Models cost comparison
All models cost per kilo tokens and are broken down into three categories: training, input and output.
There is a significant cost difference between babbage and other models both in training and usage.
While gpt-3.5-turbo is slightly more expensive than Davinci for training, its usage costs are almost the same. gpt-3.5 requires less training data, so overall, it might be as expensive as Davinci regarding production use.
Overview comparison of fine-tuned models outputs
The chart below represents the overview summary of the ranking set of 73,000 posts using each of the models.
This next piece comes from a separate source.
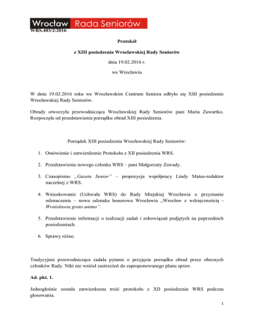 WRS.403/2/2016 Protokół z XIII posiedzenia Wrocławskiej Rady Seniorów dnia 19.02.2016 r. we Wrocławiu W dniu 19.02.2016 roku we Wrocławskim Centrum Seniora odbyło się XIII posiedzenie Wrocławskiej Rady Seniorów. Obrady otworzyła przewodnicząca Wrocławskiej Rady Seniorów pani Maria Zawartko. Rozpoczęła od przedstawienia porządku obrad XIII posiedzenia. Porządek XIII posiedzenia Wrocławskiej Rady Seniorów: 1. Omówienie i zatwierdzenie Protokołu z XII posiedzenia WRS. 2. Przedstawienie nowego członka WRS – pani Małgorzaty Zawady. 3. Czasopismo „Gazeta Senior” – propozycja współpracy Lindy Matus-redaktor naczelnej z WRS. 4. Wnioskowanie (Uchwała WRS) do Rady Miejskiej Wrocławia o przyznanie odznaczenia – nowa odznaka honorowa Wrocławia „Wrocław z wdzięcznością Wratislawia grato animo”. 5. Przedstawienie informacji o realizacji zadań i zobowiązań podjętych na poprzednich posiedzeniach. 6. Sprawy różne. Tradycyjnie przewodnicząca zadała pytanie o przyjęcie porządku obrad przez obecnych członków Rady. Nikt nie wniósł zastrzeżeń do zaproponowanego planu spraw. Ad. pkt. 1. Jednogłośnie została zatwierdzona treść protokołu z XII posiedzenia WRS podczas głosowania. 1 Ad. pkt. 2. Serdecznie została przywitana nowa członkini WRS – pani dr Małgorzata Zawada. Jest radną Rady Miejskiej Wrocławia i przyjęła zaproszenie do współpracy. Dalej głos zabrała pani Zawada informując, że ze środowiskiem senioralnym ma do czynienia od kilku lat. Przede wszystkim jako instruktor Nodic walking. Zaprosiła zgromadzonych do uczestnictwa w tych zajęciach. Ponadto angażuje się w sprawy osób starszych w sposób towarzysko-kulturalny. Określiła zakres swoich kompetencji w Radzie - doradztwo w zakresie kultury, komunikacji społecznej, rekreacji, edukacji samorządowej. Przewodnicząca następnie stwierdziła, że cieszy się, że Rada jest znów w komplecie. Ad. pkt. 3. Do zabrania głosu została poproszona pani Linda Matus – redaktor naczelna czasopisma „Gazeta Senior”. Gość rozszerzył informacje na temat swojej aktywności dotyczącej pracy na rzecz osób starszych wskazując jeszcze na portal internetowy www.gazetasenior.pl Podziękowała za możliwość udziału w tym posiedzeniu i kolejnych, bo tak członkowie Rady zdecydowali na posiedzeniu w styczniu. Przedstawiła dwoje członków zespołu Gazety także obecnych: Monikę Uszycką, która zajmuje się wieloma tematami, a ostatnio programem „Otwarcie 50 +”, oraz Jerzego Dudzika, fotoreportera, współpracuje z Gazetą już długo i owocnie, jest seniorem. Pan Dudzik będzie przychodził na te spotkania i wykonywał dokumentację fotograficzną. Wszystkich, dalej pani L. Matus, zaprosiła do odwiedzenia redakcji. Zaznaczyła, że nie zawsze będzie mogła osobiście uczestniczyć więc ktoś z tych dwojga osób ją będzie zastępował. Wszystkich, dalej pani L. Matus, zaprosiła do odwiedzenia redakcji. Ogólnie o czasopiśmie powiedziała, że Gazeta wydawana jest regularnie od 2011 r. i kolportowana w wersjach: Gazeta Senior Kraj, GS Wrocław/Dolny Śląsk i GS Poznań/Wielkopolska. Rozszerzenie działalności było następstwem wielkiego zapotrzebowania ze strony seniorów wydawnictwem dedykowanym dla nich. W tej chwili „Gazeta Senior” trafia do ponad 440 organizacji senioralnych (30 000 egz.). W tym dociera do ok. 200 uniwersytetów trzeciego wieku w całym kraju. Coraz większym zainteresowaniem cieszy się też portal internetowy. Pani Matus zaznaczyła, że jest tu po to żeby zaprezentować te media, ale nie tylko. Chce oddać te łamy członkom WRS. Poinformowała, że warto byłoby informować wrocławskich seniorów o ważnych sprawach, które tu na posiedzeniach są poruszane. Wyraziła nadzieję, że być może dzięki współpracy, 2 czyli zamieszczaniu tekstów o ważnych sprawach dotyczących ludzi starszych, uda się przynajmniej niektóre załatwić. Następnie odesłała członków Rady do materiałów przygotowanych dla wszystkich w pakietach, które wszyscy otrzymali. Oczywiście Gazeta jest znana prawdopodobnie wszystkim, ale w materiałach można znaleźć trochę więcej informacji. W pakiecie są 3 ostatnie numery: wydanie wrocławskie, krajowe i poznańskie. Tam można zobaczyć jaki jest klimat czasopisma, jakie tematy są poruszane. Jak podchodzimy my, w redakcji, do percepcji osób starszych. Jest też dla Państwa przygotowana książeczka „Niezbędnik wrocławskiego seniora”, wydany w zeszłym roku. Dalej po krótce wypunktowała czego oczekuje od Wrocławskiej Rady Seniorów: 1) Podsuwania tematów, o których warto napisać, bo członkowie Rady pochodzą z różnych środowisk, 2) Sugerowania ciekawych osób, które mogłyby zaprezentować się, albo problemów odnoszący się do osób późnej dorosłości, 3) W piśmie, które przekazała, wraz ze swoją wizytówką, pokazała spektrum spraw możliwych do omawiania na łamach Gazety, 4) Zaangażowania członków WRS, bo dzięki temu wrocławscy seniorzy będą lepiej poinformowani, czasem docenieni. W następnej kolejności, jak zaznaczyła już wcześniej, chce powiedzieć o „najmłodszym dziecku” czyli programie „Otwarci 50+”. Tytułem wprowadzenia do tego programu pani Linda Matus powiedziała o specyfice pracy w Redakcji. Dziennikarze pracują z dwiema grupami odbiorców: 1) z jednej strony Gazeta jest dla seniorów, 2) z drugiej – pokazuje się biznes, organizacje różne, w tym, samorządowe spojrzenie, rządowe „posunięcia” w polityce senioralnej (dopowiedziała, że tylko dzięki tym organizacjom Gazeta może się ukazywać). Jednocześnie dalej przekonywała zgromadzonych o tytanicznej pracy jaką zespół ludzi w „Seniorze” wykonał od 2011 roku. To jest edukacyjny trud, w szczególności właśnie związany z dotarciem do środowisk biznesu, organizacji pozarządowych. Oczywiście równolegle, drugą grupą są seniorzy, do których chce Ga

As per training data, the expected result would be around 55% of non-valuable posts and approximately 45% of valuable posts.
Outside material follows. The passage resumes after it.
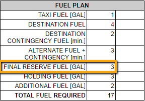 Once these steps are completed your planned flights will calculate the Final Reserve Fuel and incorporate these results into the Flight Log.

Models represent similar output. The Ada model seems to be more restrictive when it comes to ranking posts as valuable. While Babbage and Curie lean toward the desired distribution, Davinci and gpt-3.5 are slightly off, leaning towards an even distribution of valuable and non-valuable posts.
Detailed comparison human vs AI
Let’s look closer at the results. In general, all models deliver similarly distributed results. A detailed comparison may reveal weaknesses of particular models. I’ve selected ten of the most challenging prompts and cross-compared them against every model:
Mistakes per model (the lowest the value, the better):
Ada: 6
Babbage: 5
Curie: 3
Davinci: 4
GPT-3.5: 4
As expected, Ada’s cheapest and fastest model provides the worst results.
Second worst, Babbage, while providing similarly distributed results to the more advanced models, fails when dealing with ambiguous prompts.
While the Curie model isn’t supported anymore and is considered a legacy model, it performs better than the Davinci. I am not covering performance tests in this article, but I would like to highlight that Curie also performed faster than Davinci.
Regarding gpt-3.5, the results could be better, but this is a brand-new tool I didn’t spend much time fine-tuning as with the previous models. I see potential in the flexibility of the training. While it didn’t show superiority over older models, it is more flexible and provides a better interface to train the model so that older models wouldn’t compete.
Summary
OpenAI keeps updating its models and adjusts prices. We can benefit from these changes using the most powerful tools and putting our hands on the discounted models.
In 2024, we will say a final goodbye to the fantastic four, yet there’s still plenty of time to leverage them in some projects while considering that they will sunset.
GPT-3.5 fine-tuning is something more than the previous models. Its flexibility expands beyond what previous models offer. Yet it’s more challenging and requires more test-and-trial to leverage its potential truly. My simplified test showed that it cannot be approached the same way as the previous models. With more patience, it will best other models.
The future is inevitable, and fine-tuning will lean towards what gpt-3.5 fine-tuning looks like.